EXCERPTED DATA —
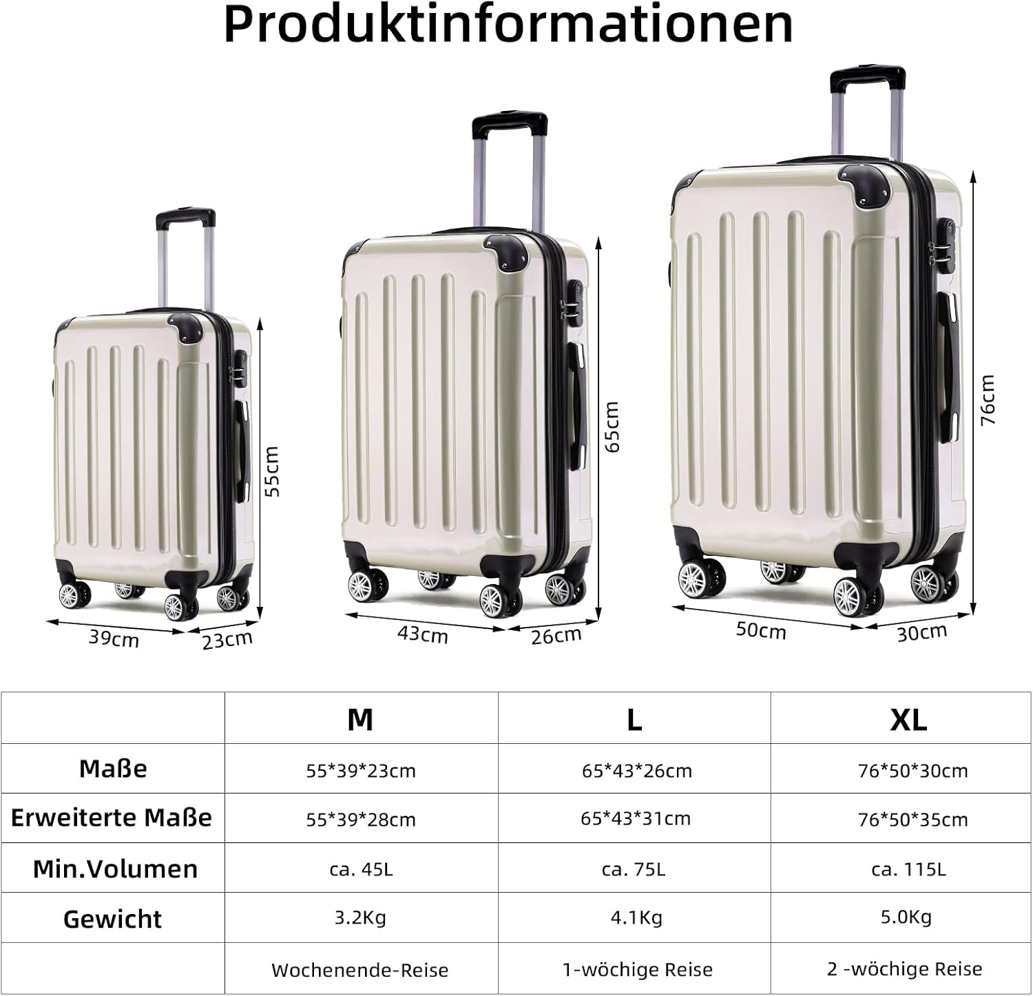 GERINGER PREIS MIT ZWEI JAHREN GARANTIE !KOFFER FÜR JEDE: Größe XL: 76x50x30 cm, Gewicht: 5,2 kg; Größe L: 67x43x26 cm, Gewicht: 4,1 kg; Größe M (Handgepäck): 55x39x23 cm; Gewicht: 3,2 kg.
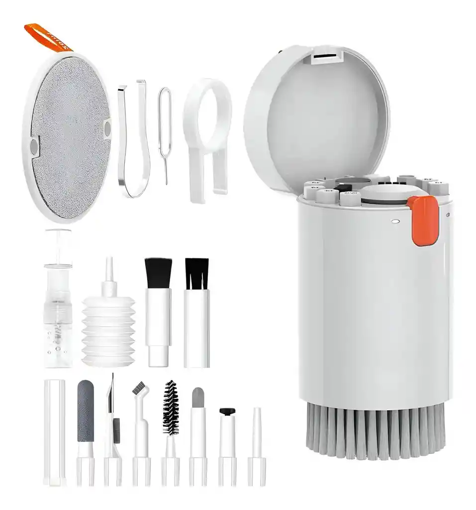 Kit Limpieza 20 En 1 ¡Devuelve el brillo y la limpieza profesional a tus dispositivos con este completo kit 20 en 1! DESCRIPCION DAZ Este completo kit de limpieza 20 en 1 es la solución ideal para mantener tus dispositivos electrónicos como nuevos. Diseñado especialmente para computadoras, teclados, laptops, teléfonos, audífonos y más, incluye herramientas específicas para eliminar polvo, suciedad, grasa y restos acumulados en los rincones más difíciles de alcanzar. Con este set podrás realizar una limpieza profunda sin dañar componentes sensibles. Incluye cepillos suaves, brochas antiestáticas, paños de microfibra, sopladores de aire, bastoncillos y herramientas para ranuras, todo en una práctica caja organizadora que puedes llevar a cualquier parte. Ya sea en casa, oficina o en movimiento, este kit te ayuda a prolongar la vida útil de tus dispositivos y mantenerlos siempre impecables. CARACTERISTICAS - Incluye Herramientas de Limpieza Profesional. - Compatible con Computadoras Teléfonos Cámaras. - Cepillos Suaves para Componentes Delicados. - Brochas Antiestáticas Evitan Daño por Electricidad. - Paños de Microfibra para Pantallas y Lentes. - Herramientas de Precisión para Teclados y Ranuras. - Soplador de Aire para Remover Polvo Fino. - Bastoncillos para Conectores y Audífonos. - Caja Organizadora Compacta y Portátil. - Ideal para Uso Doméstico o Técnico Profesional. QUE INCLUYE LA COMPRA X1 Kit Limpieza
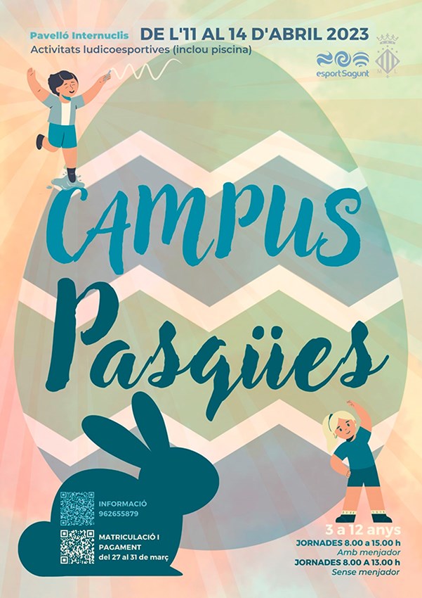 Las concejalías de Actividad Física, Salud y Deportes, Juventud e Infancia y Servicios Sociales del Ayuntamiento de Sagunto han presentado el Campus Pasqües, el Esplai Pasqua y Diver Pasqua del ejercicio 2023, respectivamente. Las tres iniciativas están previstas para los días 11, 12, 13 y 14 de abril. Los destinatarios del Campus Pasqües son niños y niñas de entre 3 y 12 años. El Esplai Pasqua es para los y las matriculados en centros de infantil y primaria nacidos del 2019 al 2011, ambos incluidos. Por otro lado, el Diver Pasqua está destinado a personas con diversidad funcional  intelectual empadronadas en el municipio, que estén escolarizadas en los centros de Educación Especial, o de mayores que no estén escolarizados, con edades comprendidas entre los 4 y los 30 años. La finalidad, además de ofrecer actividades formativas y lúdicas que ocupen el tiempo libre durante las vacaciones de Pascua, es facilitar la conciliación laboral de las familias.
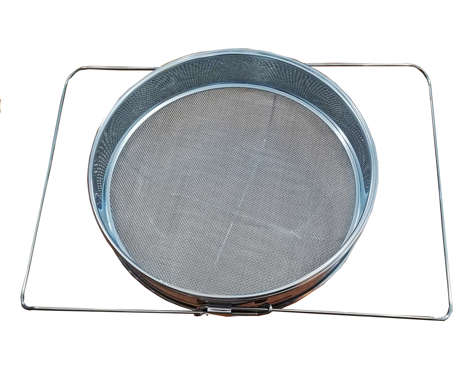 Peneira redonda metálica com malha fina e suporte retangular
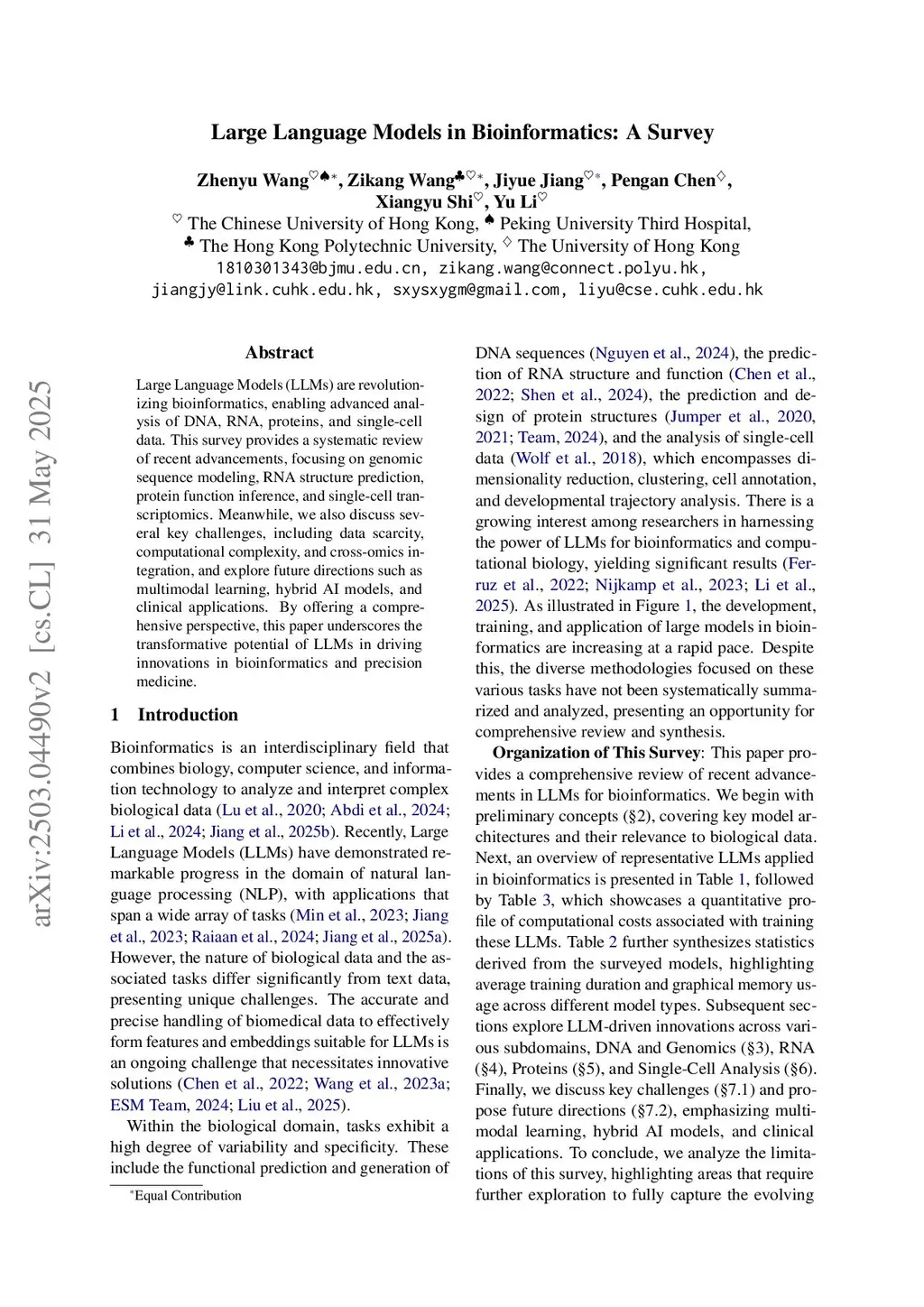 Large Language Models (LLMs) are revolutionizing bioinformatics, enabling advanced analysis of DNA, RNA, proteins, and single-cell data. This survey provides a systematic review of recent advancements, focusing on genomic sequence modeling, RNA structure prediction, protein function inference, and single-cell transcriptomics. Meanwhile, we also discuss several key challenges, including data scarcity, computational complexity, and cross-omics integration, and explore future directions such as multimodal learning, hybrid AI models, and clinical applications. By offering a comprehensive perspective, this paper underscores the transformative potential of LLMs in driving innovations in bioinformatics and precision medicine.

ACTION ITEM —
A word-for-word copy of all the data, without pictures, is the expected output.

WORKED SOLUTION —
 GERINGER PREIS MIT ZWEI JAHREN GARANTIE !KOFFER FÜR JEDE: Größe XL: 76x50x30 cm, Gewicht: 5,2 kg; Größe L: 67x43x26 cm, Gewicht: 4,1 kg; Größe M (Handgepäck): 55x39x23 cm; Gewicht: 3,2 kg.
 Kit Limpieza 20 En 1 ¡Devuelve el brillo y la limpieza profesional a tus dispositivos con este completo kit 20 en 1! DESCRIPCION DAZ Este completo kit de limpieza 20 en 1 es la solución ideal para mantener tus dispositivos electrónicos como nuevos. Diseñado especialmente para computadoras, teclados, laptops, teléfonos, audífonos y más, incluye herramientas específicas para eliminar polvo, suciedad, grasa y restos acumulados en los rincones más difíciles de alcanzar. Con este set podrás realizar una limpieza profunda sin dañar componentes sensibles. Incluye cepillos suaves, brochas antiestáticas, paños de microfibra, sopladores de aire, bastoncillos y herramientas para ranuras, todo en una práctica caja organizadora que puedes llevar a cualquier parte. Ya sea en casa, oficina o en movimiento, este kit te ayuda a prolongar la vida útil de tus dispositivos y mantenerlos siempre impecables. CARACTERISTICAS - Incluye Herramientas de Limpieza Profesional. - Compatible con Computadoras Teléfonos Cámaras. - Cepillos Suaves para Componentes Delicados. - Brochas Antiestáticas Evitan Daño por Electricidad. - Paños de Microfibra para Pantallas y Lentes. - Herramientas de Precisión para Teclados y Ranuras. - Soplador de Aire para Remover Polvo Fino. - Bastoncillos para Conectores y Audífonos. - Caja Organizadora Compacta y Portátil. - Ideal para Uso Doméstico o Técnico Profesional. QUE INCLUYE LA COMPRA X1 Kit Limpieza
 Las concejalías de Actividad Física, Salud y Deportes, Juventud e Infancia y Servicios Sociales del Ayuntamiento de Sagunto han presentado el Campus Pasqües, el Esplai Pasqua y Diver Pasqua del ejercicio 2023, respectivamente. Las tres iniciativas están previstas para los días 11, 12, 13 y 14 de abril. Los destinatarios del Campus Pasqües son niños y niñas de entre 3 y 12 años. El Esplai Pasqua es para los y las matriculados en centros de infantil y primaria nacidos del 2019 al 2011, ambos incluidos. Por otro lado, el Diver Pasqua está destinado a personas con diversidad funcional  intelectual empadronadas en el municipio, que estén escolarizadas en los centros de Educación Especial, o de mayores que no estén escolarizados, con edades comprendidas entre los 4 y los 30 años. La finalidad, además de ofrecer actividades formativas y lúdicas que ocupen el tiempo libre durante las vacaciones de Pascua, es facilitar la conciliación laboral de las familias.
 Peneira redonda metálica com malha fina e suporte retangular
 Large Language Models (LLMs) are revolutionizing bioinformatics, enabling advanced analysis of DNA, RNA, proteins, and single-cell data. This survey provides a systematic review of recent advancements, focusing on genomic sequence modeling, RNA structure prediction, protein function inference, and single-cell transcriptomics. Meanwhile, we also discuss several key challenges, including data scarcity, computational complexity, and cross-omics integration, and explore future directions such as multimodal learning, hybrid AI models, and clinical applications. By offering a comprehensive perspective, this paper underscores the transformative potential of LLMs in driving innovations in bioinformatics and precision medicine.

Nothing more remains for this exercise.